From the Journals

Icosapent ethyl’s CV mortality benefit magnified in patients with prior MI


 

FROM THE JOURNAL OF THE AMERICAN COLLEGE OF CARDIOLOGY

Prior TG-lowering studies disappointing

In fact, several studies evaluating other strategies for TG reductions have been disappointing, according to an accompanying editorial (J Am Coll Cardiol. 2022 Apr 25; doi: 10.1016/j.jacc.2022.03.001). For example, the STRENGTH trial did not show clinical benefits despite a slightly greater reduction in TGs than that shown in REDUCE-IT (19% reduction vs. 18.3%).

Overall, the REDUCE-IT trial and the prior-MI REDUCE-IT substudy show that there is targetable residual risk in high risk patients on statin therapy. One of the authors of the editorial that accompanied the prior-MI substudy of REDUCE-IT, William E. Boden, MD, professor of medicine, Boston University, emphasized this point. On the basis of REDUCE-IT, he said he believes that IPE should be considered to have broad indications as an adjunctive treatment to other lipid-lowering strategies.

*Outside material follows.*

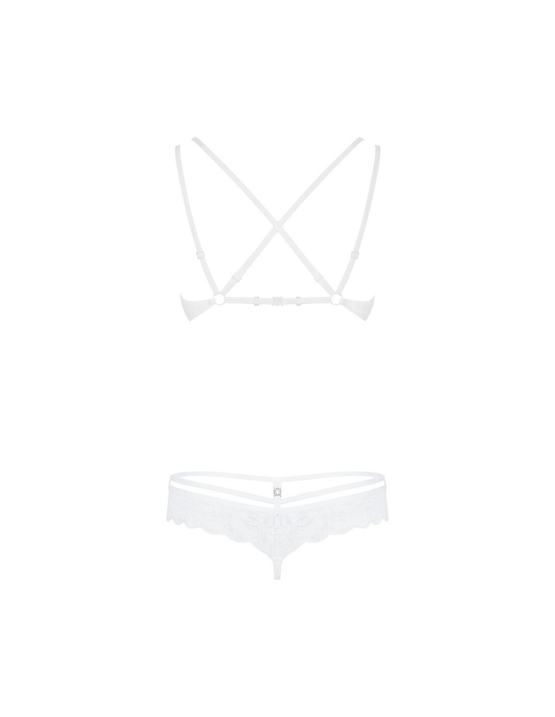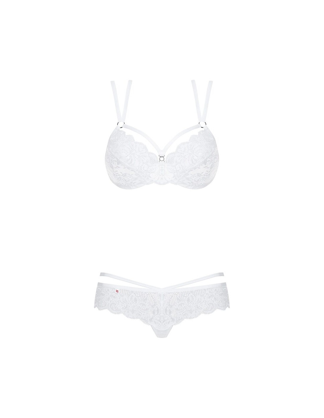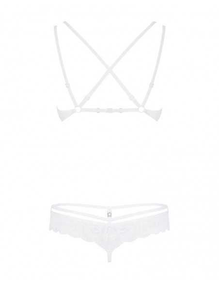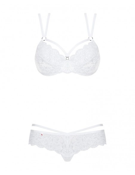 860-SET-2 di Obsessive con reggiseno con ferretto e perizoma in pregiato pizzo floreale bianco. Morbido ed elasticizzato su tutto il corpo per un elevato livello di comfort. Reggiseno con ferretto e coppe con dettaglio gioiello. Le doppie spalline regolabili si incrociano sulla schiena. Il taglio sofisticato del perizoma con laccetti in vita e dettaglio decorativo sottolinea in modo seducente i fianchi e il sedere.

“My practice centers on optimizing secondary prevention in high-risk patients who have elevated TG levels despite well-controlled LDL levels on statins, ezetimibe, or even PCSK-9 [proprotein convertase subtilisin/kexin type 9] inhibitors,” Dr. Boden said in an interview. Patients with diabetes are notorious for presenting with this profile of dyslipidemia, but he added that “even nondiabetics with prior MI, acute coronary syndrome, or revascularization will benefit from the addition of IPE to high-potency statins.”

Although the American Heart Association and the American College of Cardiology have not yet updated their guidelines to include IPE, Dr. Boden pointed out that the European Society of Cardiology, the Canadian Cardiovascular Society, and the American Diabetes Society have.

Dr. Bhatt added that there is a clear message from REDUCE-IT that IPE addresses residual risk.

Targeting the subgroup of high-risk patients with elevated TGs “is easy” because they are so readily identifiable, according to Dr. Bhatt, but he said it should be used for any patient that meet the entry criteria used for REDUCE-IT.

“The overall results of REDUCE-IT were robustly positive, so I wouldn’t just use it in patients with prior MI,” Dr. Bhatt said.

Dr. Bhatt reports financial relationships with more than 20 pharmaceutical companies, including Amarin, which provided funding for this trial. Dr. Boden reports no potential conflicts of interest.